Assignment:
Lift out, unaltered, the lines of the material below between the line holding "Elsa has the" and the line holding "This pure cashmere", counting both.

Excerpted records:
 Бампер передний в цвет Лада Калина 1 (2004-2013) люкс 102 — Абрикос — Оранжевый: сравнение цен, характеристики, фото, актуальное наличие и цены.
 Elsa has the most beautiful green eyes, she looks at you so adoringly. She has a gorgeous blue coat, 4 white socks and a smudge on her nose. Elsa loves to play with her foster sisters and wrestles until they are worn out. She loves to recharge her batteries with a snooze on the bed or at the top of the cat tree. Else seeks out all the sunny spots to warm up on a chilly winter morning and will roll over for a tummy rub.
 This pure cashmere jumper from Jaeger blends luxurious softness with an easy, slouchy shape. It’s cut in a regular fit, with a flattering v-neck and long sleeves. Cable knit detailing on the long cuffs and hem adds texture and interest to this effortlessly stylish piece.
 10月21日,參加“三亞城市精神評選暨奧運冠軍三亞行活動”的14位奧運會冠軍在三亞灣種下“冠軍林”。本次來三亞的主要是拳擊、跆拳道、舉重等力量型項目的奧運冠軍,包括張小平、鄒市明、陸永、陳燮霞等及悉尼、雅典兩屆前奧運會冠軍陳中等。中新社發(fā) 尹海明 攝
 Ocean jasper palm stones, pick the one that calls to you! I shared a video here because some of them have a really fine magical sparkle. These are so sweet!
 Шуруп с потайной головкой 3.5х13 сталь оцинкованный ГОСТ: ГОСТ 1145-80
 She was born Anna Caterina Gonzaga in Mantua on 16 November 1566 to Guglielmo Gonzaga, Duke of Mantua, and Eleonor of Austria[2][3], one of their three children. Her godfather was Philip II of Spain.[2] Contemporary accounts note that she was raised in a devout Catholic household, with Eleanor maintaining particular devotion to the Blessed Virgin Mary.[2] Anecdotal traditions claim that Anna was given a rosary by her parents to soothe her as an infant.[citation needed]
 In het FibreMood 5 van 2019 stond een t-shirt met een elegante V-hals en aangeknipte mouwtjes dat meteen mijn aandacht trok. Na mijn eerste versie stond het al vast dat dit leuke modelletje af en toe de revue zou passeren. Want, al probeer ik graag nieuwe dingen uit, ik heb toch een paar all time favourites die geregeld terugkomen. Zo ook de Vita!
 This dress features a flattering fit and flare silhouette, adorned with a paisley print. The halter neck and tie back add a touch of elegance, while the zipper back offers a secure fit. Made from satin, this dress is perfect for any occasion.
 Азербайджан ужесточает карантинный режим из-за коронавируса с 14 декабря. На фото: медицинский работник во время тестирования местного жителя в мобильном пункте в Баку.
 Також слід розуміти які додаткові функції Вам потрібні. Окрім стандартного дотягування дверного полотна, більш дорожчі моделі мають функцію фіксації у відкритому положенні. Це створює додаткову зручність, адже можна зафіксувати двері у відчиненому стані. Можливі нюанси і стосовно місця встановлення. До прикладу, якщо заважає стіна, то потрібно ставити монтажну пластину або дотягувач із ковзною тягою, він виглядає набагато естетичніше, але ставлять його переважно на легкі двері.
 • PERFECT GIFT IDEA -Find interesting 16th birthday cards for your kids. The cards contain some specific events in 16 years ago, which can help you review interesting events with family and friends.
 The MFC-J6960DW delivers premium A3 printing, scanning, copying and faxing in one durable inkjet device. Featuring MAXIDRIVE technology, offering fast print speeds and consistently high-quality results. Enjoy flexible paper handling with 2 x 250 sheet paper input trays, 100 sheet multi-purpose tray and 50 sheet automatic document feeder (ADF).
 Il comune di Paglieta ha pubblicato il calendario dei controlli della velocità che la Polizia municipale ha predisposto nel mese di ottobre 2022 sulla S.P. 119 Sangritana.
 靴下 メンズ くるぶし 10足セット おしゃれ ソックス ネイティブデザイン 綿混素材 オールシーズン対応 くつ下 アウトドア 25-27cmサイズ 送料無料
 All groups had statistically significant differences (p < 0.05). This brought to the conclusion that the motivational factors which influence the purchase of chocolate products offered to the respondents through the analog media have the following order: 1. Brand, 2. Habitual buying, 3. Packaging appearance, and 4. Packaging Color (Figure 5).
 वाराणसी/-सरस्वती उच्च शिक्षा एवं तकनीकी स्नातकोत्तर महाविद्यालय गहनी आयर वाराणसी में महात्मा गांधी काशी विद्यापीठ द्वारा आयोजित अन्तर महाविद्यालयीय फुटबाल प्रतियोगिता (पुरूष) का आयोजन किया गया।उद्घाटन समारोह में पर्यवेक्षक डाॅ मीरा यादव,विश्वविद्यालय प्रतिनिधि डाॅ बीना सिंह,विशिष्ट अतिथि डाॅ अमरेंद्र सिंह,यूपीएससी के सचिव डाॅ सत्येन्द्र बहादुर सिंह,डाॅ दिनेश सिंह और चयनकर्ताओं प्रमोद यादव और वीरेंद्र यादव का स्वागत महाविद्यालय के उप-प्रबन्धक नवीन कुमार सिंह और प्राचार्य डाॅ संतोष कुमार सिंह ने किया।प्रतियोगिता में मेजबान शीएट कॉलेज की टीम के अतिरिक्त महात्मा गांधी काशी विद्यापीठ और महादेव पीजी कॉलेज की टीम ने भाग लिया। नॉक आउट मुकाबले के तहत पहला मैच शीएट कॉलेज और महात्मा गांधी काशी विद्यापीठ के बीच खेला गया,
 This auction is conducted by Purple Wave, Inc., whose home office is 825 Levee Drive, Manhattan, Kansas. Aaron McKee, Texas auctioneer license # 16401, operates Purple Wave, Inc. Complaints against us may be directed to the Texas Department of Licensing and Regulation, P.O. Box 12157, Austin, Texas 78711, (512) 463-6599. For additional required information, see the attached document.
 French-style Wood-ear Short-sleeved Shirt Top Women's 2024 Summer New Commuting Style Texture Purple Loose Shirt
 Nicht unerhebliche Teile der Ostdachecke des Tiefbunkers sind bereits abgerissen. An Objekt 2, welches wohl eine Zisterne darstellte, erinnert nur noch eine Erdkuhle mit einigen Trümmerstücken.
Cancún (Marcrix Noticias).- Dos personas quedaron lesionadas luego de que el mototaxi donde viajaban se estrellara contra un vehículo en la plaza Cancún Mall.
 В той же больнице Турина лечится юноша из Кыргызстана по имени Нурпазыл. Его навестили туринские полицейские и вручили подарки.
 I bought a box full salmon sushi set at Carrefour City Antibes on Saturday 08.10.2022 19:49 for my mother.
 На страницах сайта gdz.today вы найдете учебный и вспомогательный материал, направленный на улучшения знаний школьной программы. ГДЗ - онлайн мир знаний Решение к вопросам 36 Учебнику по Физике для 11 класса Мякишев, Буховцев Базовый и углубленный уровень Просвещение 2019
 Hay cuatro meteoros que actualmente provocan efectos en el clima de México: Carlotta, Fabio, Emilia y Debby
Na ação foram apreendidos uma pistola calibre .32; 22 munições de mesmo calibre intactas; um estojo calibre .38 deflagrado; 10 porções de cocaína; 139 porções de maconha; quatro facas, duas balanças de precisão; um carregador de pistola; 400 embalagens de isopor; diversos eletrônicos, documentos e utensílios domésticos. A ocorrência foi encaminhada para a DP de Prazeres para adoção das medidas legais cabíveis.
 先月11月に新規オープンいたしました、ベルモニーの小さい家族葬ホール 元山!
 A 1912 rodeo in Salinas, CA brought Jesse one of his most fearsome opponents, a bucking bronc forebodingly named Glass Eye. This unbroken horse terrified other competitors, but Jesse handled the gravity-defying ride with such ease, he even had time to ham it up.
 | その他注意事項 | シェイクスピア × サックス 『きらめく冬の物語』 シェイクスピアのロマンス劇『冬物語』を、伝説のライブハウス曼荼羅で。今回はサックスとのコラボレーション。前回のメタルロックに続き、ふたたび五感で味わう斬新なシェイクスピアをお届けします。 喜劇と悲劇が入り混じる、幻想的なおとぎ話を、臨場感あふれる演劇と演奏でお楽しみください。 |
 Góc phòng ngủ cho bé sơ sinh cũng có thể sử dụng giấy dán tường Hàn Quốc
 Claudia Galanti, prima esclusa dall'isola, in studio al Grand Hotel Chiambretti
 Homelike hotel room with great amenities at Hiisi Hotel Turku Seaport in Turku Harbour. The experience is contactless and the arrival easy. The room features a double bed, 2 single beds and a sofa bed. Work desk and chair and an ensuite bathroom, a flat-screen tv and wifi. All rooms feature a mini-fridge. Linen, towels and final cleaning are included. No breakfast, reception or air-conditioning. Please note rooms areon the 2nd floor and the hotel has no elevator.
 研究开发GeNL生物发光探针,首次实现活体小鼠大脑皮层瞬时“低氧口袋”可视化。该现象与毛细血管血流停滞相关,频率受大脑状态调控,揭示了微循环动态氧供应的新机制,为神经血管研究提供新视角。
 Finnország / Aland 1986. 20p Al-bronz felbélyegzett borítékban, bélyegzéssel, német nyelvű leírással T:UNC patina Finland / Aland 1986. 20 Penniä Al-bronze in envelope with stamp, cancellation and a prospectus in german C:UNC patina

The answer:
 Elsa has the most beautiful green eyes, she looks at you so adoringly. She has a gorgeous blue coat, 4 white socks and a smudge on her nose. Elsa loves to play with her foster sisters and wrestles until they are worn out. She loves to recharge her batteries with a snooze on the bed or at the top of the cat tree. Else seeks out all the sunny spots to warm up on a chilly winter morning and will roll over for a tummy rub.
 This pure cashmere jumper from Jaeger blends luxurious softness with an easy, slouchy shape. It’s cut in a regular fit, with a flattering v-neck and long sleeves. Cable knit detailing on the long cuffs and hem adds texture and interest to this effortlessly stylish piece.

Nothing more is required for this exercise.